WHAT TO WORK ON: Reprint all of the data below exactly as shown and skip every image.

DATASET CONTENT:
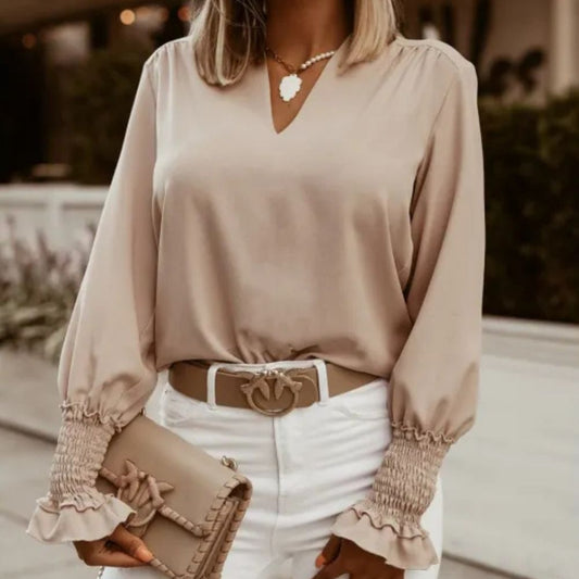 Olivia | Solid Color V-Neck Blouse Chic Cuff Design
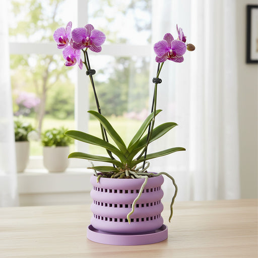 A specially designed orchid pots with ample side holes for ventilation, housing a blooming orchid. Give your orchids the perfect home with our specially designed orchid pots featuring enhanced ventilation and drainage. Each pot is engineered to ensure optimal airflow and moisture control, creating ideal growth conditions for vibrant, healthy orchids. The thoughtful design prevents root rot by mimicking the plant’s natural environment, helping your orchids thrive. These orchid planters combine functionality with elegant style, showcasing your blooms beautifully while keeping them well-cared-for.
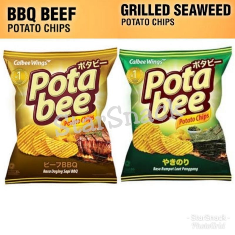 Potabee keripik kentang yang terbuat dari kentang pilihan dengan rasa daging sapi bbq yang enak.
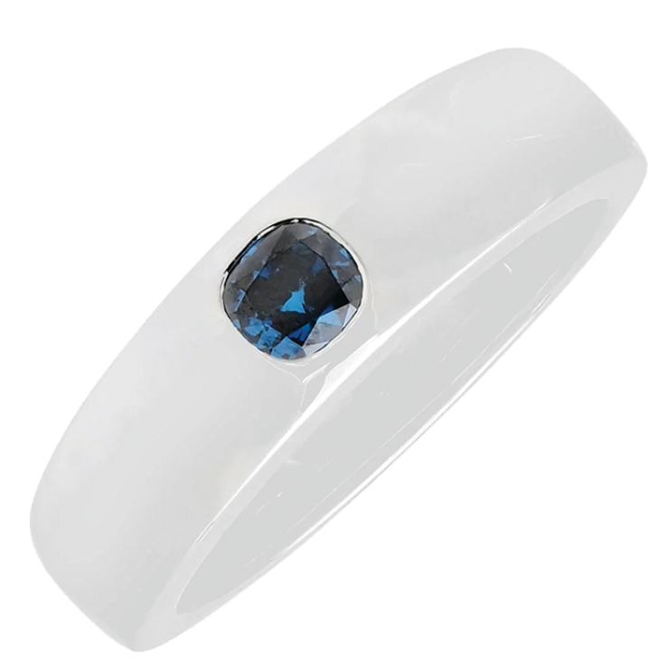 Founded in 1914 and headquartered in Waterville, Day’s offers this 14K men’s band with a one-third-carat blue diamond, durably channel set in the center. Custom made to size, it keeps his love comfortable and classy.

COMPLETED EXERCISE:
 Olivia | Solid Color V-Neck Blouse Chic Cuff Design
 A specially designed orchid pots with ample side holes for ventilation, housing a blooming orchid. Give your orchids the perfect home with our specially designed orchid pots featuring enhanced ventilation and drainage. Each pot is engineered to ensure optimal airflow and moisture control, creating ideal growth conditions for vibrant, healthy orchids. The thoughtful design prevents root rot by mimicking the plant’s natural environment, helping your orchids thrive. These orchid planters combine functionality with elegant style, showcasing your blooms beautifully while keeping them well-cared-for.
 Potabee keripik kentang yang terbuat dari kentang pilihan dengan rasa daging sapi bbq yang enak.
 Founded in 1914 and headquartered in Waterville, Day’s offers this 14K men’s band with a one-third-carat blue diamond, durably channel set in the center. Custom made to size, it keeps his love comfortable and classy.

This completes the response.